You COULD, as you mention in your other posts, define the free semigroup on X, call it S, composed of all finite strings of elements $x_1x_2...x_n$ where $x_i \in X$, and define a series defined by a sequence in X as a sequence in S to be on the form

$x_1, x_1x_2, x_1x_2x_3,...$

However, this would leave the set X, and the series would be defined by a sequence of terms not in X, but in S, the free semigroup generated by X. To speak of convergence in such a construction, we depend on what topology we give S. Now, as a set, S is on the form $S=X \sqcup X \times X \sqcup X \times X \times X \sqcup ... = \bigsqcup^{\infty}_{n=0} X^n$. We could give it its natural topology: $X^n$ has the product topology for each n, and the infinite disjoint union the naturally induced topology generated by the topologies on $X^n$ for each n.

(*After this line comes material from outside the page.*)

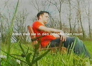 That was the theme of 'make art public', 30 second spots on art in public space in Lower Austria. Six Austrian colleges and universities participated. Due to the large number of submissions the Lower Austrian jury had a difficult decision to make. The award ceremony was held with a big party (moderated by Diane Shooman) at the Semperdepot, Vienna. As the results were so good, in October 2001 the two winning spots were shown in cinemas across Austria.
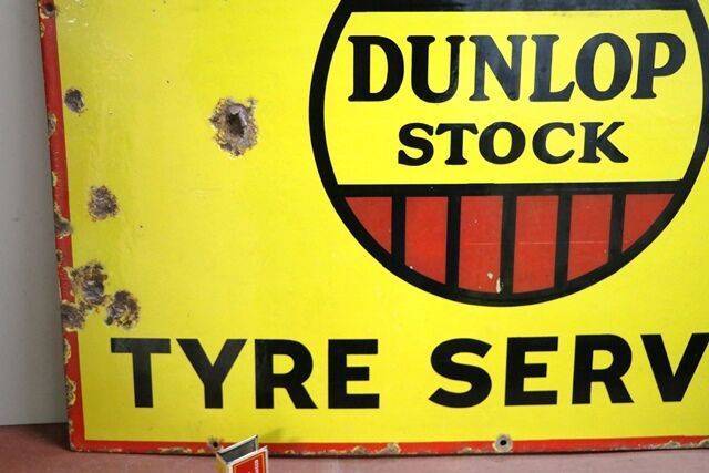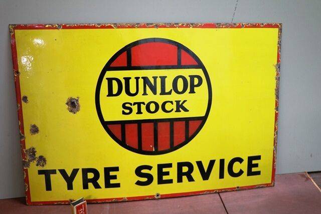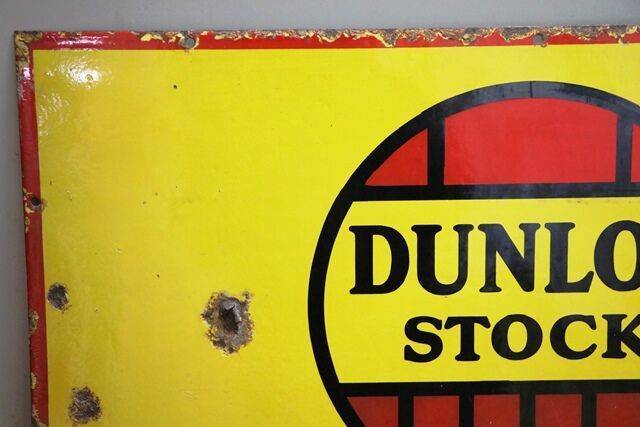 Vintage Dunlop Stock Tyres Enamel Advertising Sign. Great Colour & Gloss. 76cm wide x 29cm high.

Now.. the big question is what does convergence mean here? The problem is that the terms of the sequence (which is on the form $x_1, x_1x_2, x_1x_2x_3,...$ are in separate (connected or not) components of S. That means it can never converge. The reason being that if it supposedly converged to x, then x must be a point in one of these components (the m'th component $X^m$, say). But the terms of the partial sums will eventually leave the m'th component indefinitely.